Hint: In this question, let us assume some variables for all the three types of coins present in the bag. Then from the given proportion write them in terms of a common constant. Now, equate the sum of the coins in the bag to 90 which gives the value of constant and so all the assumed variables.

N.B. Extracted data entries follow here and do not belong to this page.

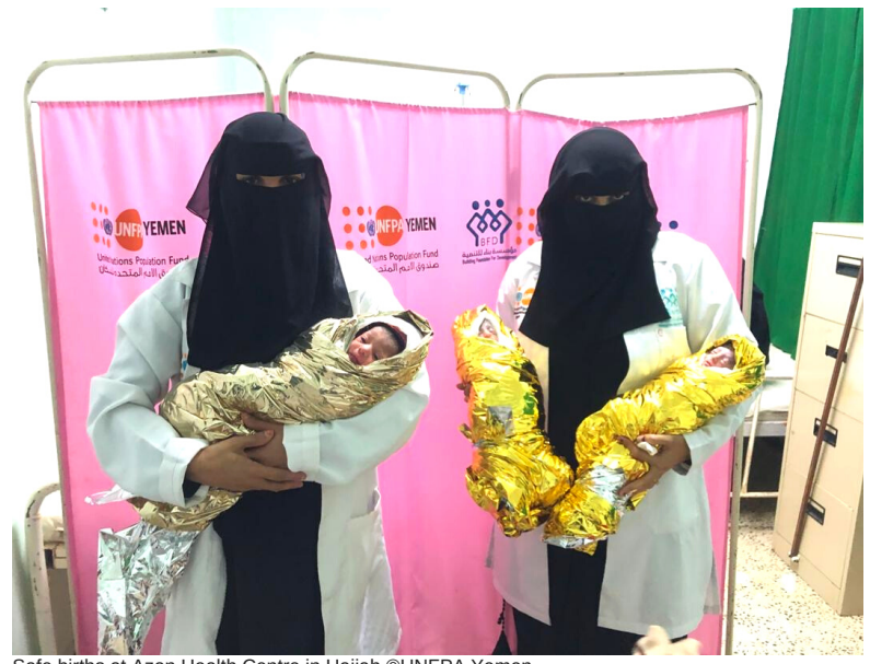
Safe births at Azan Health Centre in Haijah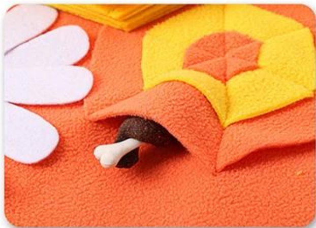
1.Hide the food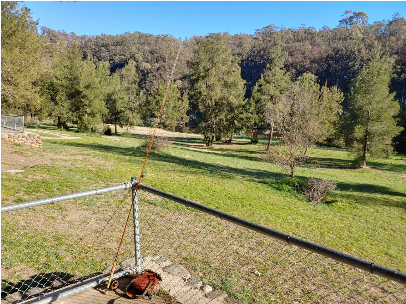
Hanging the rod up for a while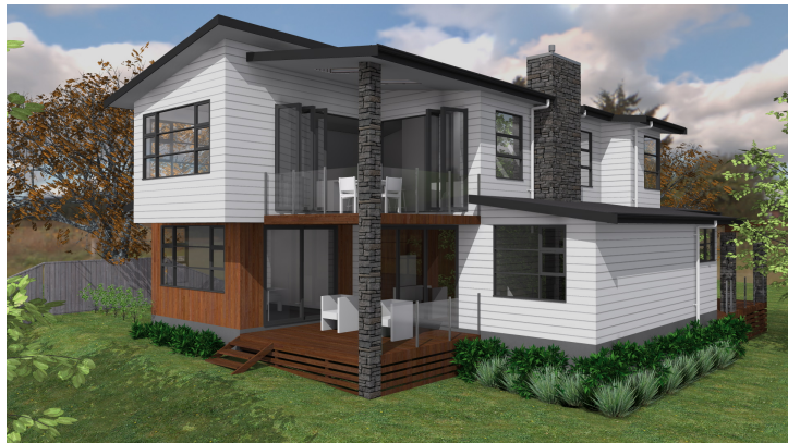
Artists Impression - Landscaping & Colours Indicative Only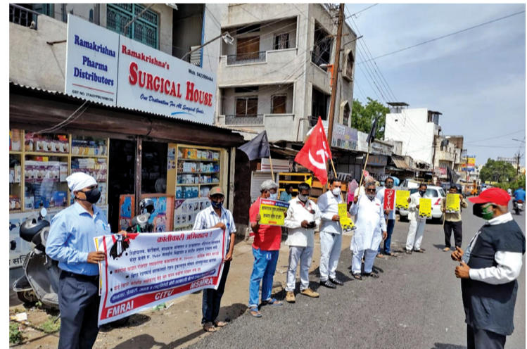
National Black Day Aurangabad, MSMRA

Complete step-by-step answer:
Now, from the given conditions in the question there are 10paise, 20paise, 25paise coins in the bag
Let us assume that number of 10paise coins as x, number of 20paise coins as y and number of 25paise coins as z
Now, given in the question that these coins are in the ratio \[7:4:3\]which gives
\[\Rightarrow x:y:z=7:4:3\]
Now, let us assume a proportionality constant as a then we get,
\[\begin{align}
  & \Rightarrow x=7a \\
 & \Rightarrow y=4a \\
 & \Rightarrow z=3a \\
\end{align}\]
Now, as given in the question that the sum of coins in the bag is Rs. 90
As we already know that the value of 100paise is equal to Rs. 1 we can get the relation that
\[\Rightarrow 1paise=Rs.\dfrac{1}{100}\]
Now, let us convert the given types of coins into rupees using the above relation
\[\Rightarrow 10paise=Rs.\dfrac{10}{100}\]

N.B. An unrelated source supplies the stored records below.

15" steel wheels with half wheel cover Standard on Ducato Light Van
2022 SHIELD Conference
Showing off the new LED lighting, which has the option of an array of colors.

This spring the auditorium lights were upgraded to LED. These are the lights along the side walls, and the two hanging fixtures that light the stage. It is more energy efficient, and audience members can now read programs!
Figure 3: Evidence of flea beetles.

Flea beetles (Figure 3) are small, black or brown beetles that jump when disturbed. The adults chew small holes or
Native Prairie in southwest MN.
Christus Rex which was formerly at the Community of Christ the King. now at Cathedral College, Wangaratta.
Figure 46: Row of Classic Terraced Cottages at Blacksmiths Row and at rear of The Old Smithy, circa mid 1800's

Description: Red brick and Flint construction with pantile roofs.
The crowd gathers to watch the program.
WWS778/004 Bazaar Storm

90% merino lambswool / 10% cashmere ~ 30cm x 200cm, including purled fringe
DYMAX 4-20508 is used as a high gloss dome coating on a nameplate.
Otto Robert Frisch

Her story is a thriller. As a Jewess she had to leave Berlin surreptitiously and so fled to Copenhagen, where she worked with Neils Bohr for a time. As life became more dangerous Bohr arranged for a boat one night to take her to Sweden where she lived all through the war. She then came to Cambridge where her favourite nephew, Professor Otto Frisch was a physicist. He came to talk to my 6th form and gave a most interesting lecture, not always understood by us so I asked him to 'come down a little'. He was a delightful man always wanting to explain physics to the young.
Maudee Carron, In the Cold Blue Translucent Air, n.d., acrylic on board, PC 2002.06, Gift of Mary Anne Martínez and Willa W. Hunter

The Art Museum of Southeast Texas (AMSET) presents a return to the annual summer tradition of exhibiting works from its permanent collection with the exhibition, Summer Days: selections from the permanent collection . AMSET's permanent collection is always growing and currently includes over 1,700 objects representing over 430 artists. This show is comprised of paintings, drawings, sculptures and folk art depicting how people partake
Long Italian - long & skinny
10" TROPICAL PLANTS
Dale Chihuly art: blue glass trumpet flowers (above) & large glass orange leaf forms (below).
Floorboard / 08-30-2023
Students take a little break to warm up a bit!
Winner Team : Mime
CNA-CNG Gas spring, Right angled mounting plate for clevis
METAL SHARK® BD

\[\Rightarrow 20paise=Rs.\dfrac{20}{100}\]
\[\Rightarrow 25paise=Rs.\dfrac{25}{100}\]
Now, as the sum of the coins is Rs.90 we get,
\[\Rightarrow \dfrac{10}{100}\times x+\dfrac{20}{100}\times y+\dfrac{25}{100}\times z=90\]
Now, this can be further written in the simplified form as
\[\Rightarrow \dfrac{x}{10}+\dfrac{y}{5}+\dfrac{z}{4}=90\]
Let us now substitute the respective values in terms of constant assumed
\[\Rightarrow x=7a,y=4a,z=3a\]
Now, on substituting these values in the above equation we get,
\[\Rightarrow \dfrac{7a}{10}+\dfrac{4a}{5}+\dfrac{3a}{4}=90\]
Now, on taking L.C.M of the denominators it can be further written as
\[\Rightarrow \dfrac{14a+16a+15a}{20}=90\]
Now, on multiplying with 12 on both sides and simplifying further we get,
\[\Rightarrow 45a=90\times 20\]
Now, on cancelling the common terms on both sides we get,
\[\Rightarrow a=2\times 20\]
\[\therefore a=40\]
Now, as we know the relation between z and a we get,
\[\Rightarrow z=3a\]
\[\begin{align}
  & \Rightarrow z=3\times 40 \\
 & \therefore z=120 \\
\end{align}\]
Hence, there are 120 25paise coins in the bag

Note: Instead of assuming a constant of proportionality we can also solve it by writing x and y in terms of z and then substituting them in the equation gives the value of z directly. Both the methods give the same result.
It is important to note that when equating the sum to 90 we need to divide all the value of paise by 100 as the sum is in rupees. When substituting the values and simplifying we should not neglect any of the terms because it changes the result.